Combining doc.lib(), doc.parse(), and addHandler():

import { Limitr } from '@formata/limitr';
import { readFileSync } from 'fs';

const policy = await Limitr.new(readFileSync('./policy.yaml', 'utf-8'), 'yaml');

// Standard App bridge — routes all events to addHandler()
policy.addHandler('main', (key: string, value: unknown) => {
if (key === 'meter-overage') {
const event = JSON.parse(value as string);
console.log('Overage:', event.customer.id, 'remaining:', event.remaining);
}
});

// Custom namespace with a specific handler
policy.doc.lib('Custom', 'example_event_handler', (userId: string, remaining: number) => {
console.log('Custom handler fired for', userId, 'remaining:', remaining);
});

// Attribute-decorated handler that calls the custom function directly
policy.doc.parse(`
#[meter-overage]
fn meter_over_limit(event: obj) {
?Custom.example_event_handler(event.customer.id, event.remaining);
}
`);

await policy.createCustomer('user_growth', 'growth');
await policy.allow('user_growth', 'chat_input', 2_100_000); // triggers overage

When meter-overage fires, both paths run:

  1. The built-in AppEvents handler calls ?App.event_handler('meter-overage', json) → routes to addHandler('main')
  2. The #[meter-overage] function fires → calls ?Custom.example_event_handler(userId, remaining)

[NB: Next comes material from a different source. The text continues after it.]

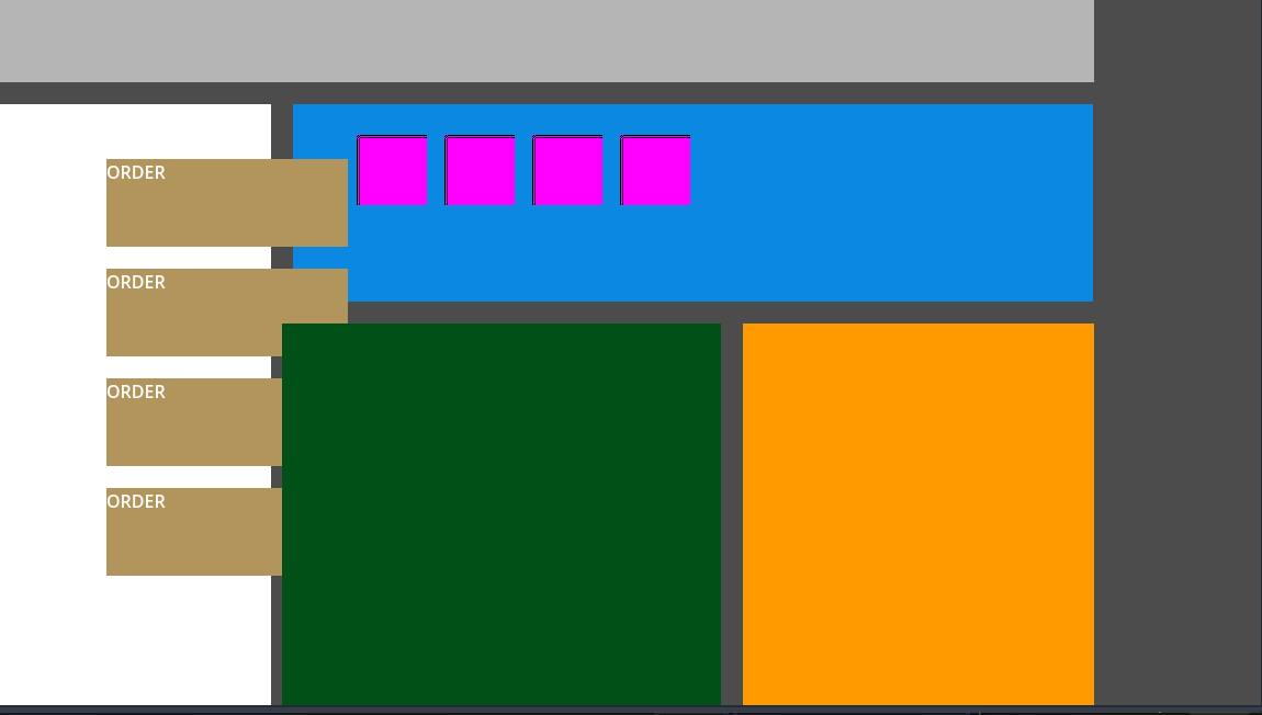 Today’s progress was all about getting the stand layout functional and making the different zones actually behave the way they’re supposed to. Everything you see is pure placeholder (squares, rectangles, and programmer art), but the core logic underneath is starting to look like a real loop.
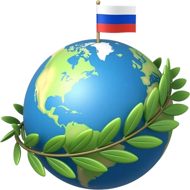 A blue globe of the Earth with a green olive branch wrapped around it. A small Russian flag is planted on top of the globe. Simple flat vector art, round emoji format, soft green and blue colors, white background, peaceful, clean lines. emoji

Both paths run for every matching event. Order between attribute-decorated functions and App routing is not guaranteed.


When to use each approach

ApproachUse when
addHandler()You want TypeScript-side filtering and handling. The standard approach for billing, alerting, and operational event handling.
setNotifications()You want conditions defined in the policy, changeable without code deploys in Cloud. The right tool for threshold-based alerts.
#[attribute] + doc.parse()You want event handlers embedded directly in the document with no abstraction. Useful for routing to custom library functions with specific argument shapes.
doc.lib()You need Stof code to call specific TypeScript functions with typed arguments, not just the generic (key, json) shape of addHandler().

These approaches are additive — use as many as your application needs. A common production setup uses all four: addHandler() for billing and persistence, setNotifications() for Cloud-routed alerting, doc.lib() for domain-specific TypeScript functions, and #[attribute] handlers for logic that belongs in the document itself.